Word2vec is an algorithm invented at Google for training word embeddings. word2vec relies on the distributional hypothesis. The distributional hypothesis states that words which, often have the same neighboring words tend to be semantically similar. This helps to map semantically similar words to geometrically close embedding vectors.
Distributional hypothesis uses continuous bag of words(CBOW) or skip grams.
word2vec models are shallow neural network with an input layer, a projection layer and an output layer. It is trained to reconstruct linguistic contexts of words. Input layer for Word2vec neural network takes a larger corpus of text to produce a vector space, typically of several hundred dimensions. Every unique word in the text corpus is assigned a corresponding vector in the space.
This architecture is called continuous bag of words CBOW as it uses continuous distributed representation of the context. It considers both the order of words in the history as well as future.
This helps common context word vectors in the corpus to be located close to one another in the vector space.
Skip gram does not predict the current word based on the context instead it uses each current word as an input to a log-linear classifier with continuous projection layer, and predict words within a certain range before and after the current word.
GloVe: Global Vector for word representation
GloVe was developed by Pennington, et al. at Stanford. It is called Global Vectors as the global corpus statistics are captured directly by the model.
It leverages both
- Global matrix factorization methods like latent semantic analysis (LSA) for generating low-dimensional word representations
- Local context window methods such as the skip-gram model of Mikolov et al
LSA efficiently leverage statistical information but do not do good on word analogy, thus indicating a sub-optimal vector space structure.

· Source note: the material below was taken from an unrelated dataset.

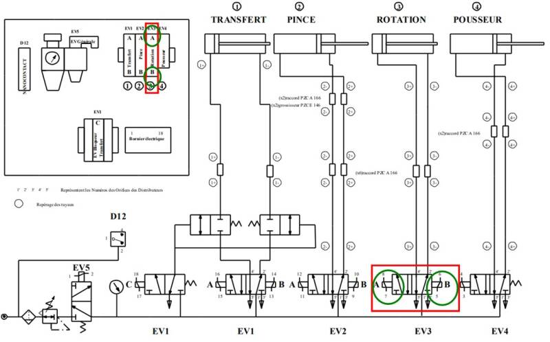 Le distributeur EV3 commande le vérin de rotation de la pince

Methods like skip-gram perform better on the analogy task, but poorly utilizes the statistics of the corpus as they are not trained on global co-occurrence counts. GloVe uses a specific weighted least squares model to train on global word co-occurrence counts to make efficient use of statistics.
Consider two words i=ice and j=steam in context of Thermodynamics domain. The relationship of these words can be examined by studying the ratio of their co-occurrence probabilities with various probe words k.
Probe words like water or fashion that are either related to both ice and steam, or to neither, the ratio should be close to one. Probe words like solid related to ice but not to steam will have large value for the ratio
Compared to the raw probabilities, the ratio is better able to distinguish relevant words (solid and gas) from irrelevant words (water and fashion) and it is also better able to discriminate between the two relevant words.
It is the gender that distinguishes man from woman, similar to word pairs, such as king and queen or brother and sister. To state this observation mathematically, we might expect that the vector differences man :woman, king :queen, and brother:sister might all be roughly equal. This property and other interesting patterns can be observed in the above set of visualizations using GloVe.
Word embeddings are considered to be one of successful applications of unsupervised learning at present. They do not require any annotated corpora. Embeddings uses a lower-dimensional space while preserving semantic relationships.